Via self-reporting, demographic data was obtained for all subjects on ethnicity but for only 49/101 subjects with regards to race. There were no statistical differences for any measured variable by ethnicity or by race. However, Brown et al. measured a population that was 64% white and 24% African American, finding statistical differences in pupil size and function (MCV and ADV) between the eyes of White and African American subjects when measure in ambient light. Due to differences in demographics between the two studies, direct comparisons cannot be made.
Anisocoria has been clinically defined as asymmetry of 1 mm or greater (4, 5). Interstimulus interval between eyes has been shown to affect measurement of pupillary light response amplitudes if the pupil has not returned to its resting diameter, and the necessary interval is shorter in scotopic conditions.(18) Order of eye measurement, thus, could affect anisocoria data if the interstimulus interval is not appropriate. During this study’s data collection, the interval between eye measurements was roughly one minute while the previous eye data was transcribed. There was no significant trend found in the data to favor the resting diameter of one eye to be greater than the other. As shown in Table 3, multiple studies including the present one show the majority of patients to have pupillary asymmetry of less than 0.5 mm on quantitative pupillometry. Therefore, the authors recommend future investigation into detection of pathology by using thresholds of 0.5 mm and 1 mm for anisocoria to determine the potential utility of quantitative pupillometry over standard subjective measurement as a screening tool as well as determining exact sensitivity, specificity, and receiver-operator curves for each method using these thresholds.

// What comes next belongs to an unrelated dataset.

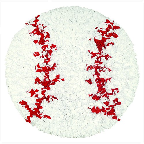 The fun shaggy raggy baseball children and nursery rug is 100% handmade. It measures a 3ft in diameter and creates a beautiful one of kind toy room or nursery area rug for the future athlete. The excellent craftsmanship and dedication give this rug a one of a kind look. No part of this rug is machine made or produced. The shaggy raggy look is accomplished by first dying each fabric with safe organic colorants to achieve proper color and texture. Next, they are woven together using cut strips of cotton jersey, wool and leather. Each strip is then tied one at a time by hand to achieve its realistic baseball look. No other rugs on the market can compare to the craftsmanship and quality of the shaggy raggy baseball area rug. Professional cleaning recommended.Feature

The clinical nature of this study provides both strengths and limitations to the data and analysis presented above. As mentioned earlier, fixation eccentricity and exact interstimulus interval provide a more standardized approach to data collection. Furthermore, data were collected throughout the clinic day, thus preventing consistent time measurements to limit effects from circadian rhythm on pupillary function.(19) Finally, given the clinical setting of these measurements, children are likely to have many psychosensory influences on pupil size and function such as anxiety, fright, and pain, all of which would exhibit mydriatic effects on the data. However, the authors wish to highlight that when clinically evaluating a pediatric population, precise time of day and measurements that require cooperation as well as the psychosensory effect of visiting any clinical setting whether it be in a hospital-based clinic or an outpatient clinic are rarely standard. Therefore, the data presented in this study provide a robust database with which comparisons can be made with a pediatric population in a clinical setting.